Give back every line of the data exactly. Pictures are not part of the copy.

━━━━━ Material provided

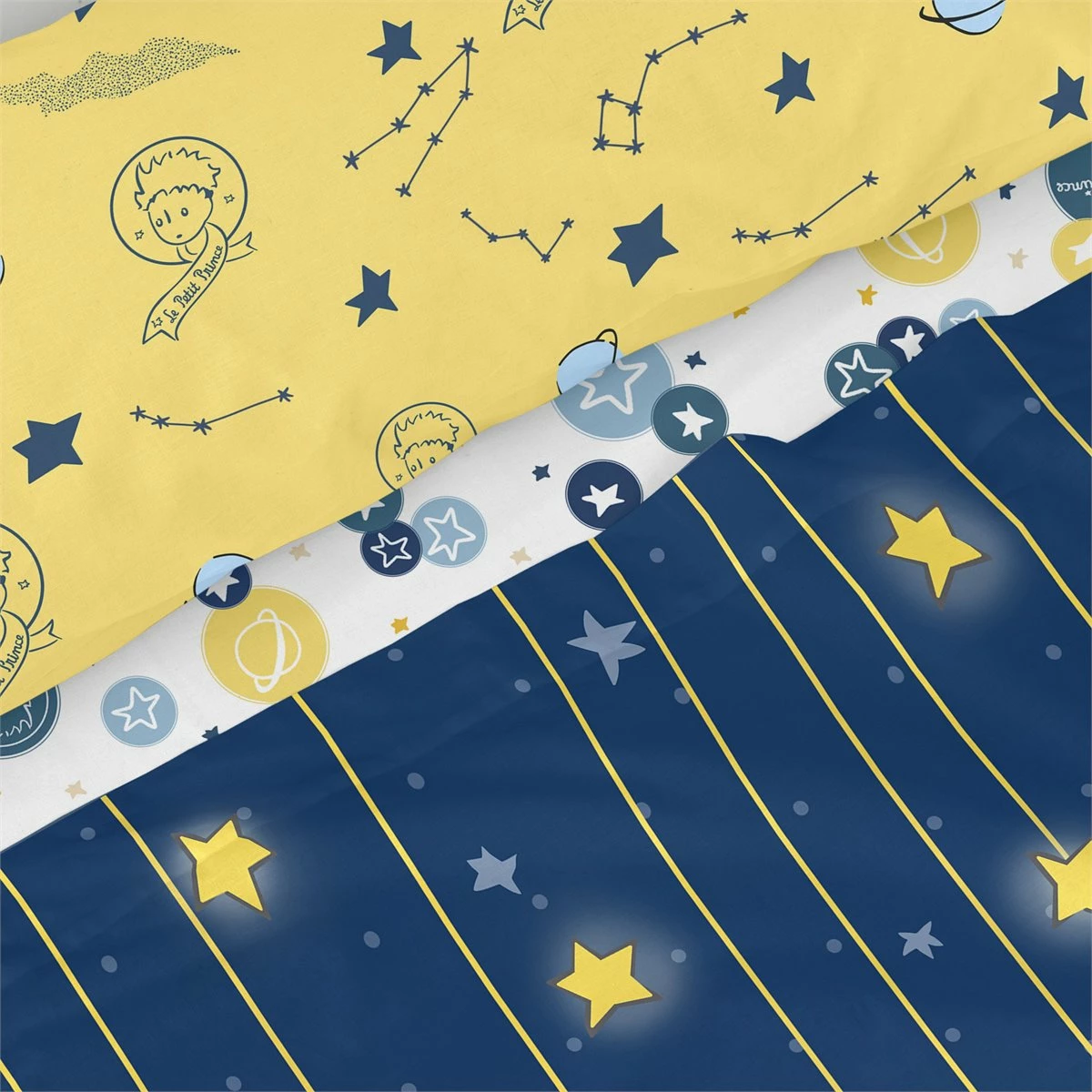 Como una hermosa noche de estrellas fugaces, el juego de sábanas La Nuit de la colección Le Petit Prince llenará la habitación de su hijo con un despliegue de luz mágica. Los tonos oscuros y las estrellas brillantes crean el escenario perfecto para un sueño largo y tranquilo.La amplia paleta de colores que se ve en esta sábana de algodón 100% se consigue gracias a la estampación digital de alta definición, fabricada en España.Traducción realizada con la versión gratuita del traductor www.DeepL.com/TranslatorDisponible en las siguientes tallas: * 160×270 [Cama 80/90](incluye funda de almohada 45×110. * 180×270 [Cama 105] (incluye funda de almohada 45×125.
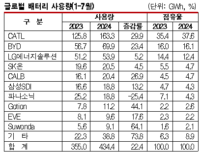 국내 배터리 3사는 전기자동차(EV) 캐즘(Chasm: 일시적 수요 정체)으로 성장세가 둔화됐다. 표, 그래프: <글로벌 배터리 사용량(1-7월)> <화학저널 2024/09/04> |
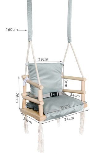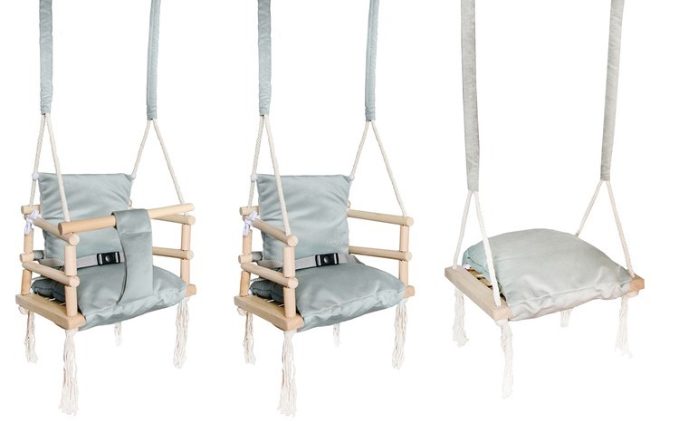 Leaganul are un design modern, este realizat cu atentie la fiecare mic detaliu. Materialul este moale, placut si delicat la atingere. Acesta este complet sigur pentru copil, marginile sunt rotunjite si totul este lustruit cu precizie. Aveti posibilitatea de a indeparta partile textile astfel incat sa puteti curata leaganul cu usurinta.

━━━━━━━━━━

*Answer area:*
 Como una hermosa noche de estrellas fugaces, el juego de sábanas La Nuit de la colección Le Petit Prince llenará la habitación de su hijo con un despliegue de luz mágica. Los tonos oscuros y las estrellas brillantes crean el escenario perfecto para un sueño largo y tranquilo.La amplia paleta de colores que se ve en esta sábana de algodón 100% se consigue gracias a la estampación digital de alta definición, fabricada en España.Traducción realizada con la versión gratuita del traductor www.DeepL.com/TranslatorDisponible en las siguientes tallas: * 160×270 [Cama 80/90](incluye funda de almohada 45×110. * 180×270 [Cama 105] (incluye funda de almohada 45×125.
 국내 배터리 3사는 전기자동차(EV) 캐즘(Chasm: 일시적 수요 정체)으로 성장세가 둔화됐다. 표, 그래프: <글로벌 배터리 사용량(1-7월)> <화학저널 2024/09/04> |
 Leaganul are un design modern, este realizat cu atentie la fiecare mic detaliu. Materialul este moale, placut si delicat la atingere. Acesta este complet sigur pentru copil, marginile sunt rotunjite si totul este lustruit cu precizie. Aveti posibilitatea de a indeparta partile textile astfel incat sa puteti curata leaganul cu usurinta.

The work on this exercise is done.